**What is being asked**
The required output is a verbatim transcription of the listing, pictures excluded.

··· Supplied material ···

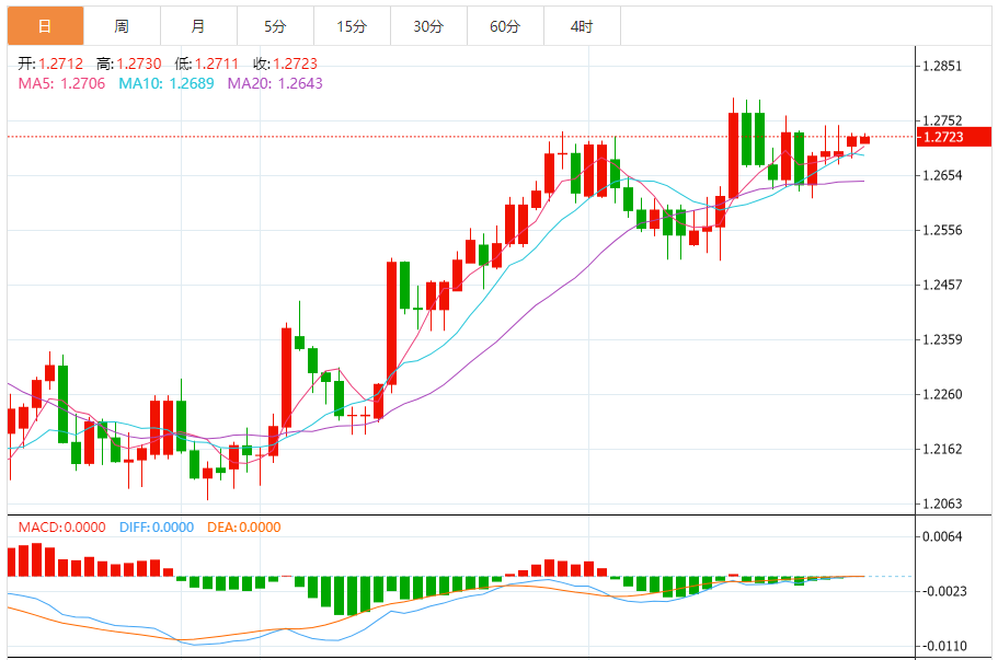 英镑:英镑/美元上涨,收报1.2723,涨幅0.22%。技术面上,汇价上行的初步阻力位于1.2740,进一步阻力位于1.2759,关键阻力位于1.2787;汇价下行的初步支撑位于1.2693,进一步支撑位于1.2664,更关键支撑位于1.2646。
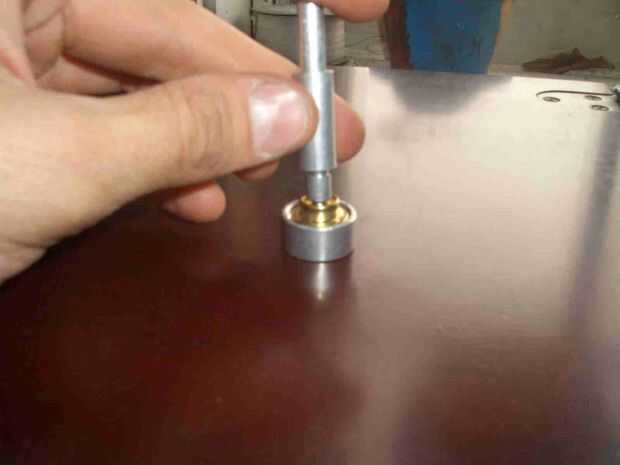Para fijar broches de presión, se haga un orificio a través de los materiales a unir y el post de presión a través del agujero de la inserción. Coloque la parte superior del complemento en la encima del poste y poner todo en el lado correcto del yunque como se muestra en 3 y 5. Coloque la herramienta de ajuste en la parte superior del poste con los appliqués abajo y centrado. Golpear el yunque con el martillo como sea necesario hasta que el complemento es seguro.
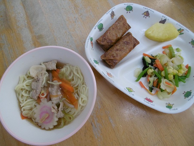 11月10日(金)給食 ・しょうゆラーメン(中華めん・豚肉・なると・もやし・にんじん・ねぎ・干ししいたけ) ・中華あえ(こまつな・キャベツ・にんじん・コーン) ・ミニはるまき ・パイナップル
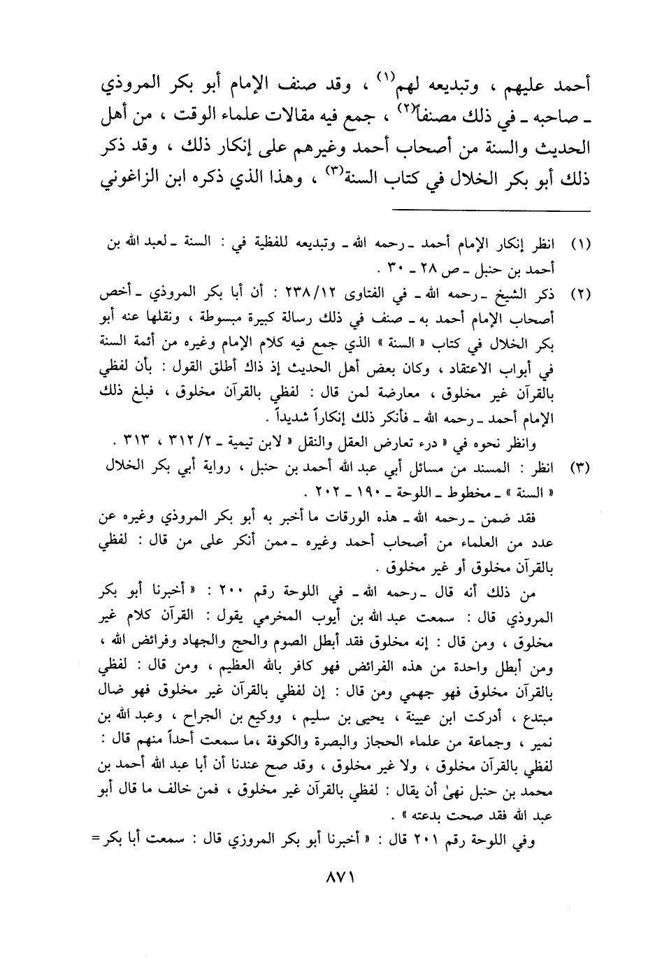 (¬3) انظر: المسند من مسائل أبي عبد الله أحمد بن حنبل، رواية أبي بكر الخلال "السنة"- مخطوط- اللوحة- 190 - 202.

···

**Solution to the problem**
 英镑:英镑/美元上涨,收报1.2723,涨幅0.22%。技术面上,汇价上行的初步阻力位于1.2740,进一步阻力位于1.2759,关键阻力位于1.2787;汇价下行的初步支撑位于1.2693,进一步支撑位于1.2664,更关键支撑位于1.2646。
Para fijar broches de presión, se haga un orificio a través de los materiales a unir y el post de presión a través del agujero de la inserción. Coloque la parte superior del complemento en la encima del poste y poner todo en el lado correcto del yunque como se muestra en 3 y 5. Coloque la herramienta de ajuste en la parte superior del poste con los appliqués abajo y centrado. Golpear el yunque con el martillo como sea necesario hasta que el complemento es seguro.
 11月10日(金)給食 ・しょうゆラーメン(中華めん・豚肉・なると・もやし・にんじん・ねぎ・干ししいたけ) ・中華あえ(こまつな・キャベツ・にんじん・コーン) ・ミニはるまき ・パイナップル
 (¬3) انظر: المسند من مسائل أبي عبد الله أحمد بن حنبل، رواية أبي بكر الخلال "السنة"- مخطوط- اللوحة- 190 - 202.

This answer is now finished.